Work to complete – Exactly the lines from the start of the data below through the line that contains "welcome sign decoration." are to be copied, with pictures left out.

Recorded data –
---

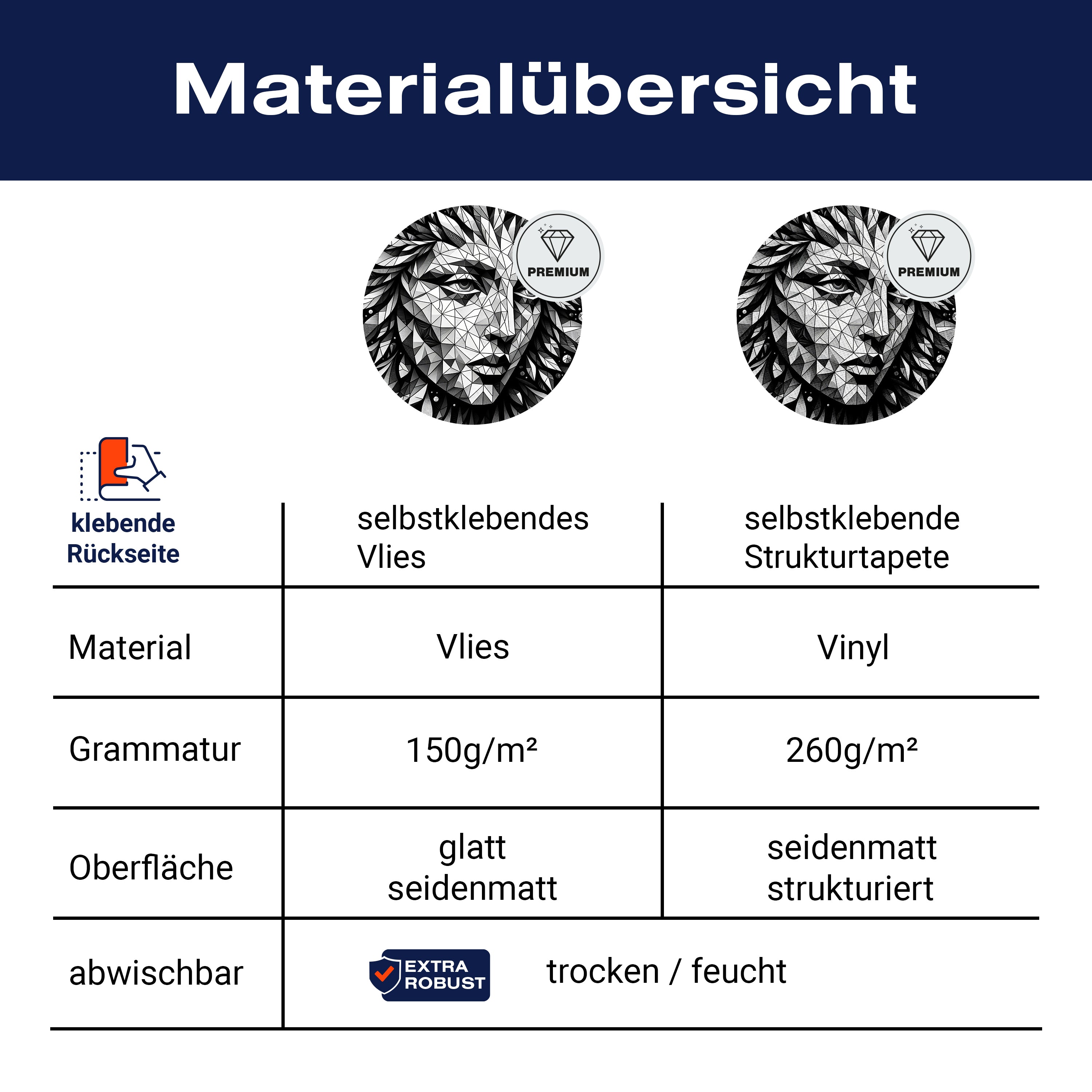 - Selbstklebendes Vlies 150g/m²: Einfach anzubringen, perfekt für Mietwohnungen.
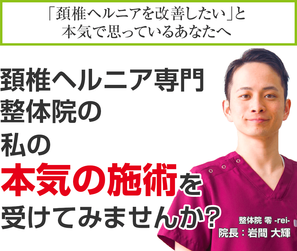 もしあなたが今、上記のようなお悩みを抱え、ほんの少しでも⼼のどこかで良くなりたい!と思われているなら、整体院 零-REI-に来院し、そのつらい慢性頚椎ヘルニアを根本から改善しませんか?
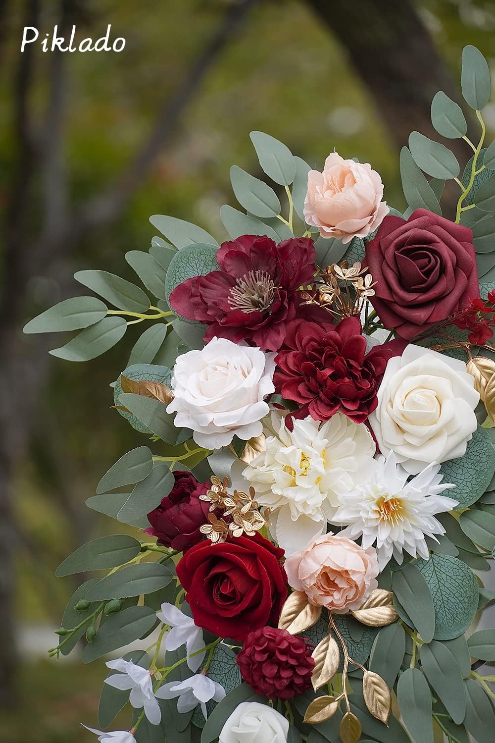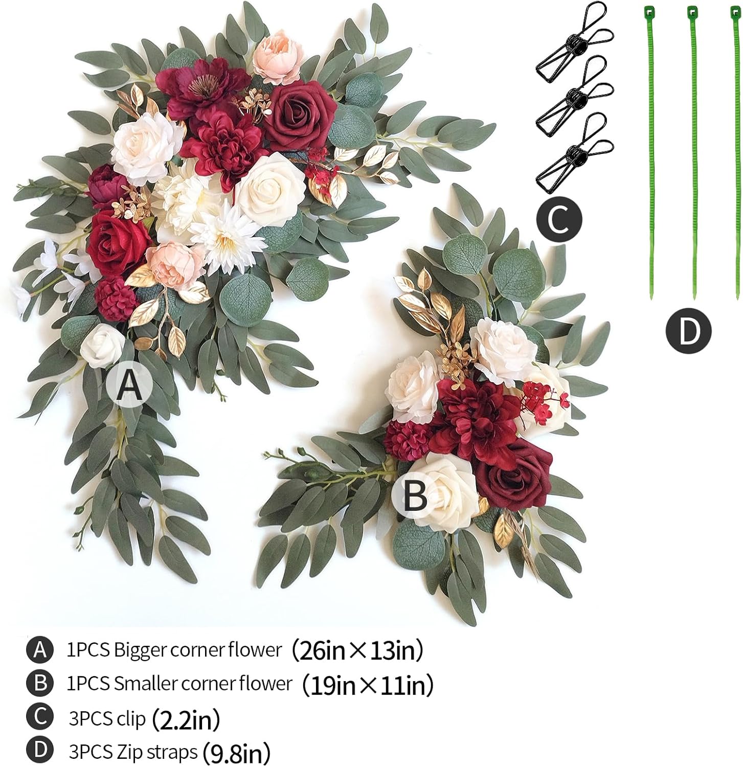 • ☘Material: This wedding flowers for arch is made of silk cloth and foam artificial flowers. They never wilt and look not only beautiful but very lifelike. Designed with a variety of elements for a rich sense of craftsmanship and design, perfect for your wedding arch decoration and welcome sign decoration.
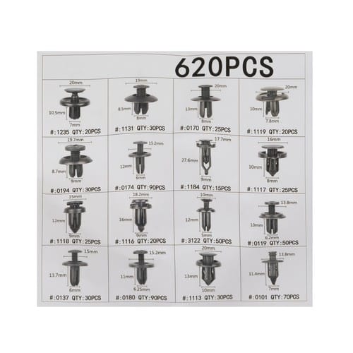 ✔️ Odolné a univerzálne klipsy – Sada obsahuje 620 klipsov v 16 rôznych typoch, vhodných na široké použitie v aute, napríklad na upevnenie čalúnenia, kapoty, nárazníkov, bočných výstuh a ďalších dielov.

---

Exercise output –
 - Selbstklebendes Vlies 150g/m²: Einfach anzubringen, perfekt für Mietwohnungen.
 もしあなたが今、上記のようなお悩みを抱え、ほんの少しでも⼼のどこかで良くなりたい!と思われているなら、整体院 零-REI-に来院し、そのつらい慢性頚椎ヘルニアを根本から改善しませんか?
 • ☘Material: This wedding flowers for arch is made of silk cloth and foam artificial flowers. They never wilt and look not only beautiful but very lifelike. Designed with a variety of elements for a rich sense of craftsmanship and design, perfect for your wedding arch decoration and welcome sign decoration.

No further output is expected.